▶ _BRIEF_
Print, exactly as written, every line from the first line of the records below through the line containing "行业预测,到2027年,中国", and nothing further.

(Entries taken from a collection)
---

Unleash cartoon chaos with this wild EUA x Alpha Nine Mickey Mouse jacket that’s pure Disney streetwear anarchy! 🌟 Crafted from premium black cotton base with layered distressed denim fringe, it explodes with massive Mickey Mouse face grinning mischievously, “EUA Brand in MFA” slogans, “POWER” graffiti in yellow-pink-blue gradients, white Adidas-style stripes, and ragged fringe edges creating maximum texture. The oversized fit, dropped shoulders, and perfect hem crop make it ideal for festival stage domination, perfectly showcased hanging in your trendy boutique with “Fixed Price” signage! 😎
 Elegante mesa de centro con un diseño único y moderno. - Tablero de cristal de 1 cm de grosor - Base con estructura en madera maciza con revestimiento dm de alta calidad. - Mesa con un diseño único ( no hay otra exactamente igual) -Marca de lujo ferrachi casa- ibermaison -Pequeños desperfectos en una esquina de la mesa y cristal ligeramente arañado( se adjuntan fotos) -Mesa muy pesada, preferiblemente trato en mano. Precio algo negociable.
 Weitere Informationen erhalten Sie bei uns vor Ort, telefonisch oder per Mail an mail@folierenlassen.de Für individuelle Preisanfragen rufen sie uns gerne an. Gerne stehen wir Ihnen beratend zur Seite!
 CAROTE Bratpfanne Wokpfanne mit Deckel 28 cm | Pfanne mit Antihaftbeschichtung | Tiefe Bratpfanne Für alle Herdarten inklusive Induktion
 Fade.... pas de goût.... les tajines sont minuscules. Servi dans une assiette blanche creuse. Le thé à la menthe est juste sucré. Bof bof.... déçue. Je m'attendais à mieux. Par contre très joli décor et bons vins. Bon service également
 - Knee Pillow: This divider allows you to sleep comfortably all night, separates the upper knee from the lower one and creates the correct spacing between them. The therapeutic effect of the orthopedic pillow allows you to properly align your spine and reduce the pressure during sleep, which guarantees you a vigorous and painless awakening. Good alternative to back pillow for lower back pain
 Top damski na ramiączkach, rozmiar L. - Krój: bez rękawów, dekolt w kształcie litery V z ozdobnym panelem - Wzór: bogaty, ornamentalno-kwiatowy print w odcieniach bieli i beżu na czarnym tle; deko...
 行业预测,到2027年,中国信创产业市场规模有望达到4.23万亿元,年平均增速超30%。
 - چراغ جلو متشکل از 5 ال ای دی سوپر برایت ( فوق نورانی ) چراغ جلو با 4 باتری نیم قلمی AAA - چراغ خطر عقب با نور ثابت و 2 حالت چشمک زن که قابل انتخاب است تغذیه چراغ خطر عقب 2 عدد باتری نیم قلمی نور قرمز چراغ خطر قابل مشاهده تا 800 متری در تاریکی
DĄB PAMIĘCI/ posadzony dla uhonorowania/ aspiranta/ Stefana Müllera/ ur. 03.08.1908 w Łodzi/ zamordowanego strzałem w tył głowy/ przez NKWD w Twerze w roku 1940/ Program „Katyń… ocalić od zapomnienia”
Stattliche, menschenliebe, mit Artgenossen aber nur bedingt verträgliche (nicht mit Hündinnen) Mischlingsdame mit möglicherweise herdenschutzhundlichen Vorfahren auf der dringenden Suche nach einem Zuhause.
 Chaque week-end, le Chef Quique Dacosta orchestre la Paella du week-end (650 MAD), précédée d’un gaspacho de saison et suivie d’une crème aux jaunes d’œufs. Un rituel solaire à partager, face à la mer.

---

▶ _WRITTEN ANSWER_
Unleash cartoon chaos with this wild EUA x Alpha Nine Mickey Mouse jacket that’s pure Disney streetwear anarchy! 🌟 Crafted from premium black cotton base with layered distressed denim fringe, it explodes with massive Mickey Mouse face grinning mischievously, “EUA Brand in MFA” slogans, “POWER” graffiti in yellow-pink-blue gradients, white Adidas-style stripes, and ragged fringe edges creating maximum texture. The oversized fit, dropped shoulders, and perfect hem crop make it ideal for festival stage domination, perfectly showcased hanging in your trendy boutique with “Fixed Price” signage! 😎
 Elegante mesa de centro con un diseño único y moderno. - Tablero de cristal de 1 cm de grosor - Base con estructura en madera maciza con revestimiento dm de alta calidad. - Mesa con un diseño único ( no hay otra exactamente igual) -Marca de lujo ferrachi casa- ibermaison -Pequeños desperfectos en una esquina de la mesa y cristal ligeramente arañado( se adjuntan fotos) -Mesa muy pesada, preferiblemente trato en mano. Precio algo negociable.
 Weitere Informationen erhalten Sie bei uns vor Ort, telefonisch oder per Mail an mail@folierenlassen.de Für individuelle Preisanfragen rufen sie uns gerne an. Gerne stehen wir Ihnen beratend zur Seite!
 CAROTE Bratpfanne Wokpfanne mit Deckel 28 cm | Pfanne mit Antihaftbeschichtung | Tiefe Bratpfanne Für alle Herdarten inklusive Induktion
 Fade.... pas de goût.... les tajines sont minuscules. Servi dans une assiette blanche creuse. Le thé à la menthe est juste sucré. Bof bof.... déçue. Je m'attendais à mieux. Par contre très joli décor et bons vins. Bon service également
 - Knee Pillow: This divider allows you to sleep comfortably all night, separates the upper knee from the lower one and creates the correct spacing between them. The therapeutic effect of the orthopedic pillow allows you to properly align your spine and reduce the pressure during sleep, which guarantees you a vigorous and painless awakening. Good alternative to back pillow for lower back pain
 Top damski na ramiączkach, rozmiar L. - Krój: bez rękawów, dekolt w kształcie litery V z ozdobnym panelem - Wzór: bogaty, ornamentalno-kwiatowy print w odcieniach bieli i beżu na czarnym tle; deko...
 行业预测,到2027年,中国信创产业市场规模有望达到4.23万亿元,年平均增速超30%。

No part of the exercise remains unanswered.